Lack of awareness of cancer symptoms is a contributing factor. A 2012 Cancer Research UK and Tesco report found that more than 75 per cent of 2,090 people surveyed did not list pain, cough and bowel problems as potential cancer symptoms.
And that is where screening comes in. Screening is available in the UK for breast, cervical and colorectal cancer. It is not completely accurate and may result in overdiagnosis – the detection and treatment of tumours that would never have caused problems. But the benefits clearly outweigh the harm.
A review, led by Professor Sir Michael Marmot of University College London, concluded that breast cancer screening with X-ray mammography, for instance, saves 1,300 lives annually in the UK and only about one in four women diagnosed with cancer through screening are overdiagnosed.
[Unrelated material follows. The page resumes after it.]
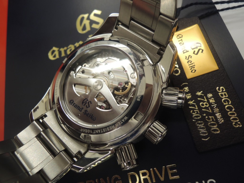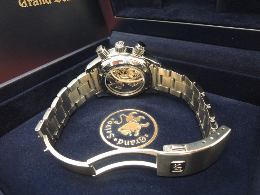 当店”初”の”グランドセイコーマスターショップ限定モデル・スプリングドライブクロノグラフ”の入荷で御座います!表情はアクティブに装う王者の風格で御座います。こんなにも内容が充実している時計は無いと思われる程です・言うなれば「全部入り」。世界と戦える日本屈指のモデルでは無いでしょうか?細部にまで細かい配慮が感じられます。たとえば競技用ストップウォッチを手本として押す時の感触をそのままに再現してあります。是非一度この感触を味わい下さい。中々市場に出にくいこのモデル・グランドセイコーではスプリングドライブ”初”のクロノグラフモデルです。前オーナー様もコマを調整しただけで、そのままの状態です。保証書日付け2013年5月5日まだタップリメーカー保証も残っています。この超絶美品をゲットするのは”あなた”です。早めのご連絡お待ちしています。

According to Professor John Field, director of research at the University of Liverpool Cancer Research Centre, a similar programme is needed for lung malignancies, the most common cause of UK cancer mortality. He notes that 75 per cent of lung cancer patients are diagnosed too late, resulting in more than 35,000 deaths annually. US data shows screening smokers with low-dose computed tomography could reduce this toll by 20 per cent.
CANCER RISK FACTORS
SMOKING
Smoking accounts for 80 per cent of UK cases of lung cancer, nearly 20 per cent of all cancer cases and more than 25 per cent of all cancer deaths; it kills more than 35,000 people annually.
WEIGHT
Overweight and obesity cause ten types of cancer, including breast, bowel and pancreatic, which are thought to be responsible for more than 5 per cent of all cancers in the UK.
DIET
Diets rich in fat and processed meat, and poor in fruit and vegetables, cause nearly 10 per cent of cancer cases; salty diets account for about 25 per cent of stomach cancer cases.
INACTIVITY
Being physically inactive increases the risk of breast, bowel and womb cancer; some 3,400 cases of cancer are believed to be related to exercising less than 150 minutes a week.
ALCOHOL
About 12,800 UK cancer cases annually are linked to alcohol, including 3,200 cases of breast cancer, the most common malignancy; overall, alcohol can cause seven types of cancer.
UV EXPOSURE
Too much exposure to ultraviolet (UV) radiation from the sun or sunbeds accounts for 86 per cent of skin cancer cases in the UK every year; sunburn triples the risk for this cancer.